Technical Report #229

The Perfect Gestalt: Infinite Dimensional Riemannian Face Spaces, and other Aspects of Face Perception

James T. Townsend, Bruce Solomon, Jesse Spencer Smith

Abstract

There have been a number of papers in recent years that demonstrate that global aspects of faces can be extremely important in face perception and memory. We contend in this chapter that a quite natural theory immediately yields the quintessence of holism. This theory is constituted by our Riemannian Face Space. It is eminently holistic because each face in the theory is the entire function that is a perfect description of the perceptual object. Each is more than the sum of the parts, in that in the space, each face is a unique point, in an analogous sense to a finite feature description that leads to a unique finite vector space representation.
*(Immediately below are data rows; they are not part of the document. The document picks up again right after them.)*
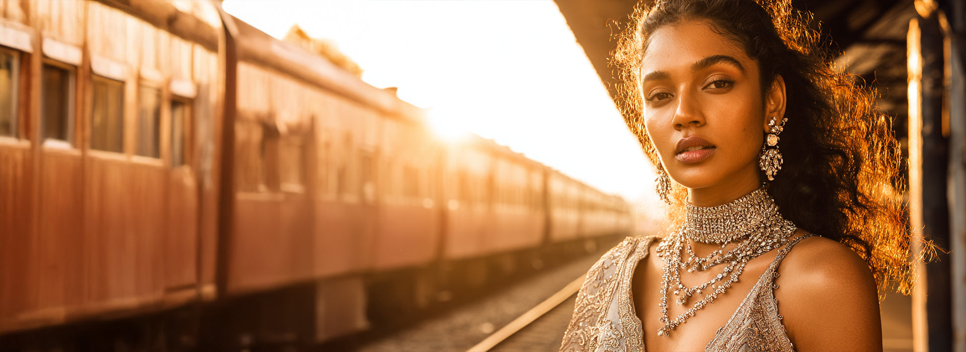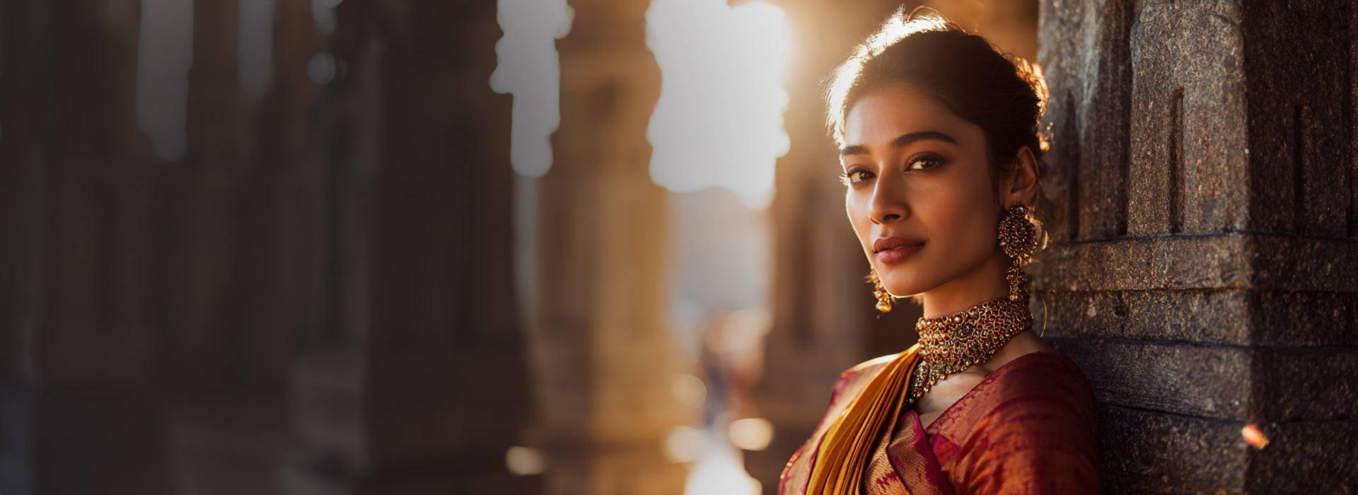 Lakshmi-Venkateshwara Diety Paisley Spine Long Haara with Pearl Canopy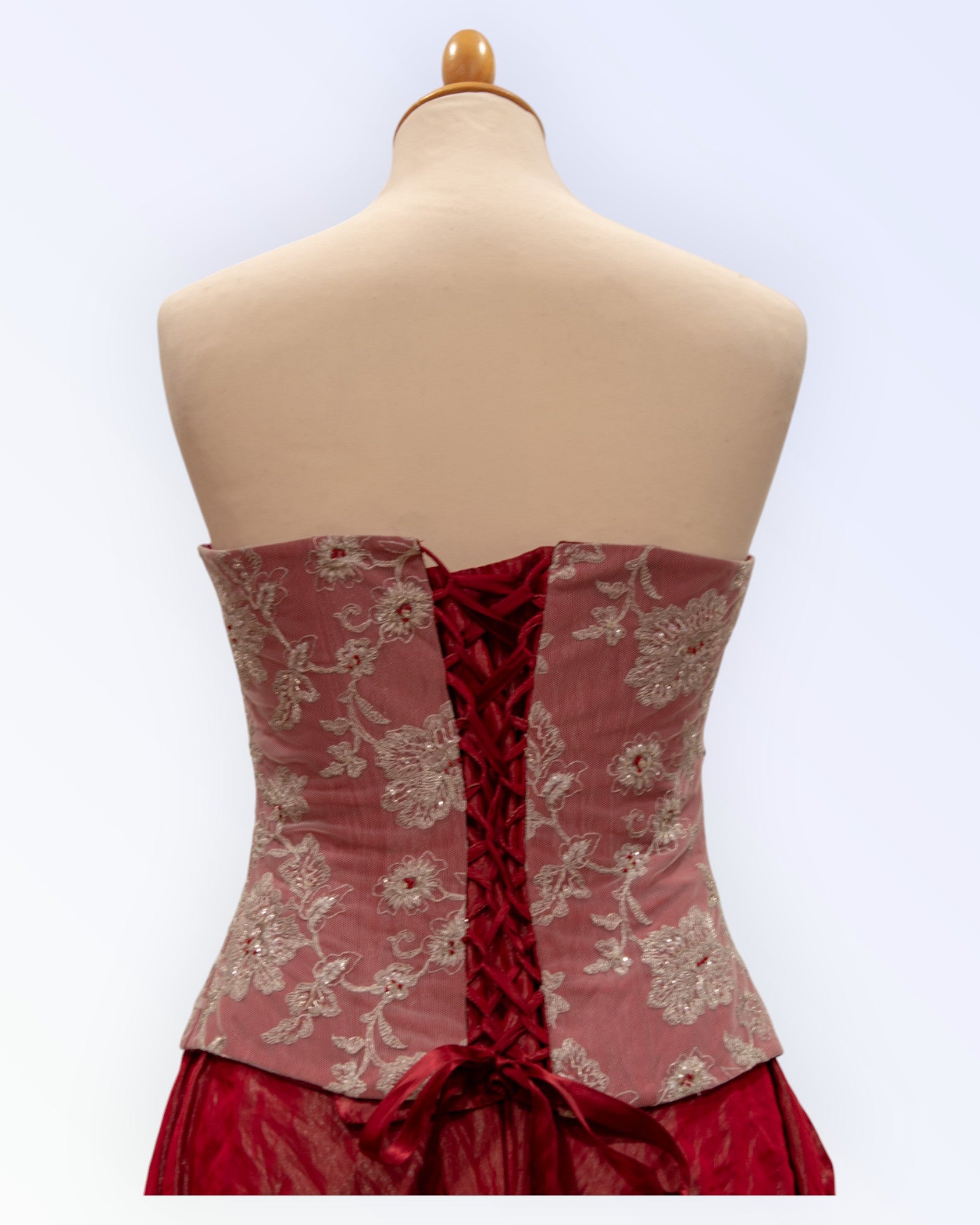 Punainen korsetti, jossa pitsipäällystys.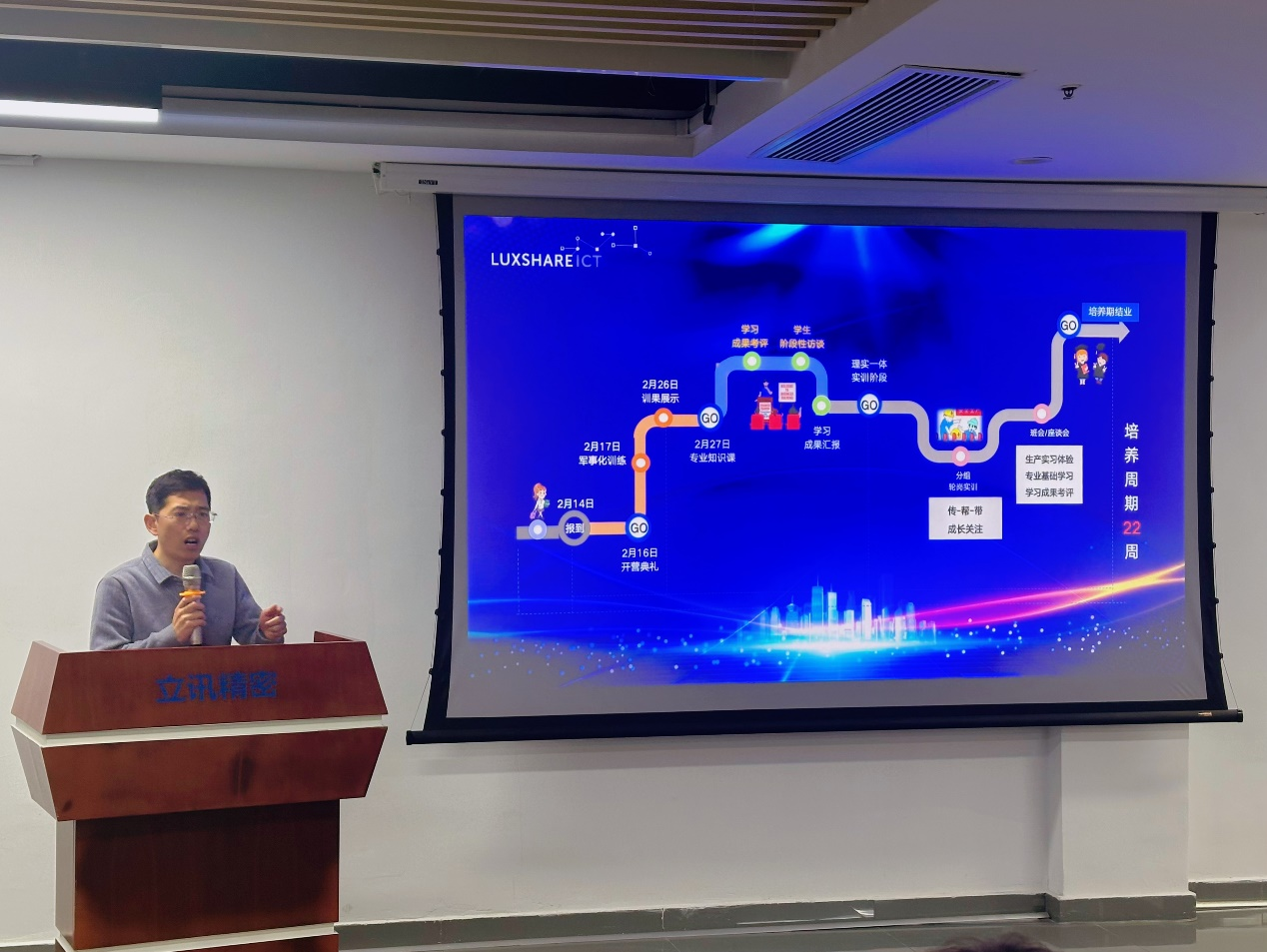 产业学院讲师代表陈永富老师强调了理论与实践相结合的重要性,他为学生们精心规划了一条从军事化训练到专业知识学习,再到学习成果汇报的清晰培养路线图,旨在帮助学生们更好地规划学习路径,实现个人价值的最大化。
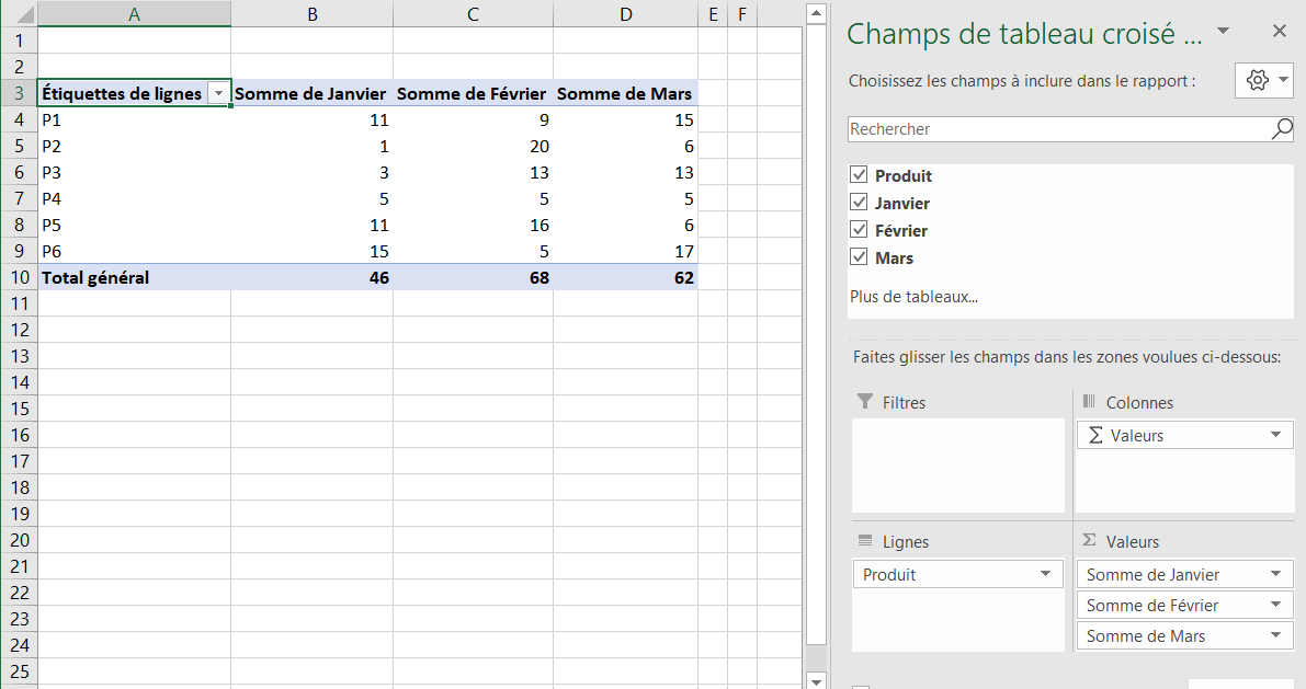 Nous avons fait glisser successivement les champs Janvier, Février et Mars dans la zone Valeurs. C’est long, glisser 1 seul champ aurait été plus rapide ! Quand nous aurons les autres mois de l’année, nous devrons ajouter 9 autres champs. C’est long également ! Et on peut se tromper lors de l’ajout. Calculer le total de l’année va être compliqué. Possible, mais compliqué ! Bonne structure

The space is infinite dimensional and yet we show that the space bears potential for a number of standard and useful geometric properties. For instance, we devote considerable effort to showing that such notions as angle and distance may attend these seemingly esoteric spaces. There are various metrics that appear to be appropriate for different perceptual and cognitive tasks which we discuss. Other global and local aspects of such spaces, for instance morphing, and low-dimensional subspaces, are considered. The final discussion relates our work to the important notions of templates, prototypes and similar concepts in categorization and identification models and experiments.